By Keith H. Roberts, Thursday Review contributor


The problems facing U.S. banking giant Wells Fargo do not appear to be going away anytime soon. Top executives for the largest bank still face a storm of questions over how its internal culture led to tens of thousands of its employees being driven to meet stringent sales quotas—a sales-dominated environment which would ultimately lure employees and managers alike to create millions phony accounts using the information of existing customers. Members of Congress and regulators have called the scandal nothing less than fraud and identity theft on a grand scale.

Over a six year period, Wells Fargo employees and managers created upwards of 2 million fake credit card and debit card accounts for unsuspecting customers. Those bogus accounts generated fees and charges which were largely unseen by Wells Fargo customers.
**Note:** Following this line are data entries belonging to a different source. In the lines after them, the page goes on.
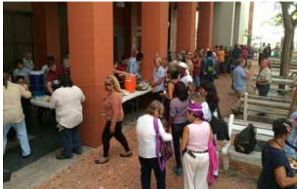
Monday evenings at Plaza Ballajá

The Heart 2 Heart ministry team provides 60-100 meals for the homeless in Old San Juan on every third and fifth Monday - rain or shine!
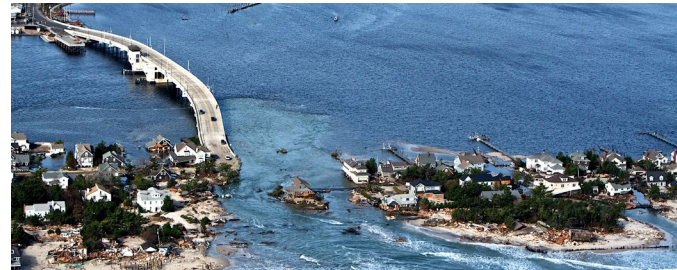
2012 Superstorm Sandy, Mantoloking, NJ
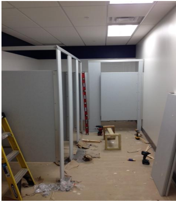
2 nd floor ladies restroom partitions installed
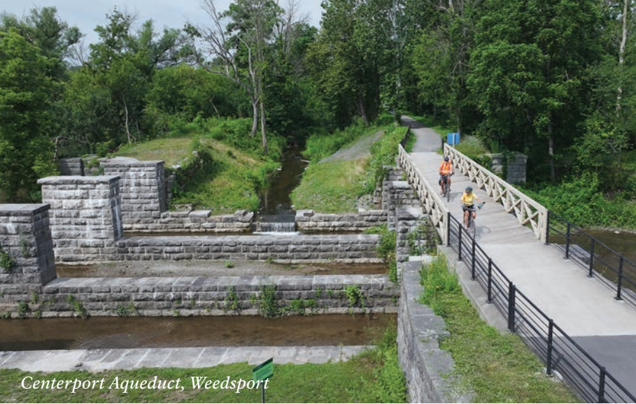
Centerport Aqueduct, Weedsport

The most viewed pages of our website include cycling, boating, paddling, maps, and itineraries, with more than 200,000 views in 2023. We distributed 65,000 Erie Canalway Map & Guides and 19,500 Erie Canalway Calendars to convey the distinctive sense of place and best ways to experience the Canalway Corridor. We are grateful to our dedicated network of more than 170 visitor centers, historic sites, and libraries who ensure that these materials reach residents and visitors each year.
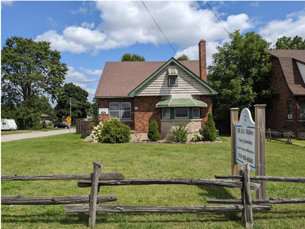
Figure 5: Site Photo taken from Wayne Drive (front of property)
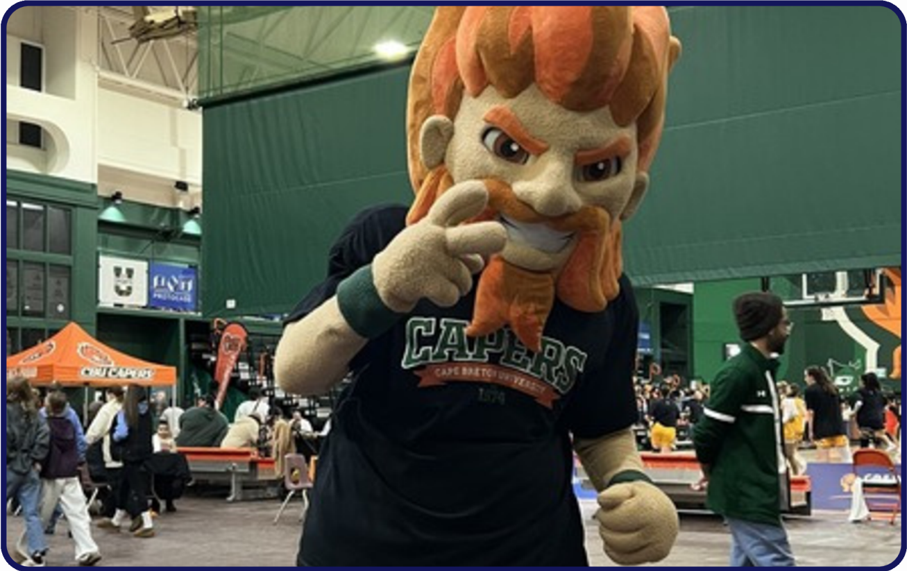
Above: CBU mascot posing for the CBCU camera during a CBU Athletics events we sponsor.
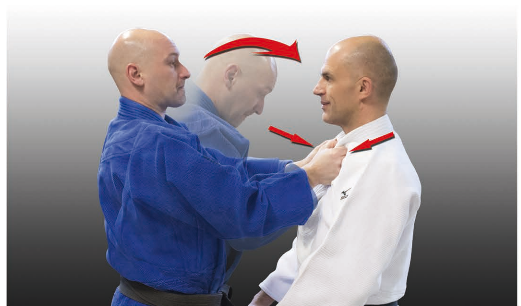
Double collar grip and head-butt
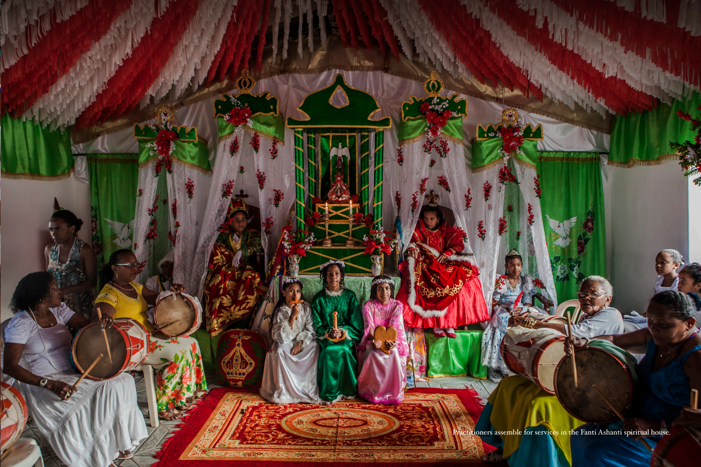
Practitioners assemble for services in the Fanti Ashanti spiritual house.
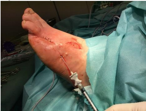
Figure 16: Case no. 6: Dorsal foot fistula in DFU, intra and peri lesional infiltration of MFAT after debridement and suturing of the fistula orifices.
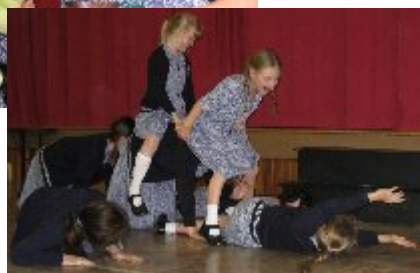
Students engaged in dragon drama
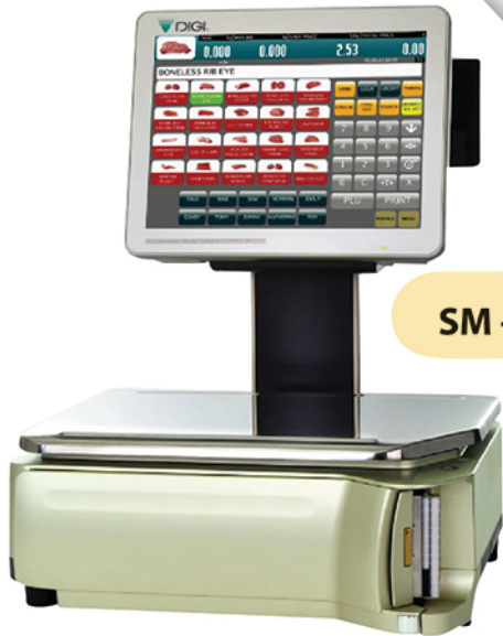
SM - 5500
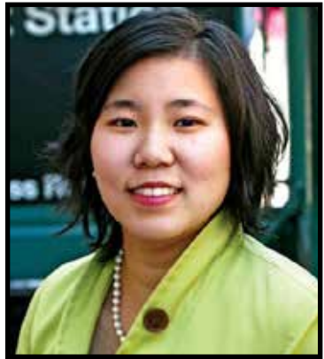
One of Commission's members is a Queens resident who was appointed to the agency earlier this year

Report examines the federal government's role in documenting, prosecuting and preventing hate crimes against those of Asian descent during the COVID-19 pandemic

The phony accounts also increased the exposure of customer data to hackers and credit card thieves, and may have spawned a decade of headaches for millions of Americans whose credit scores and credit records have been impacted.

Wells Fargo CEO John Stumpf faced another long session of intense grilling before Congress this week—an official round of sometimes uncomfortable questions in which Stumpf was forced to explain how a culture of sales quotas drove the company into such widespread misbehavior. Stumpf was also on the hot seat for the company’s now widely disseminated statement that it has fired thousands of employees and supervisors for the scheme to generate fake accounts, when, in fact, some of those ex-employees were in Washington to say they were fired for just the opposite—for not generating adequate new accounts and for refusing to participate in schemes to create bogus accounts. Some had copies of employee evaluations and emails to prove it.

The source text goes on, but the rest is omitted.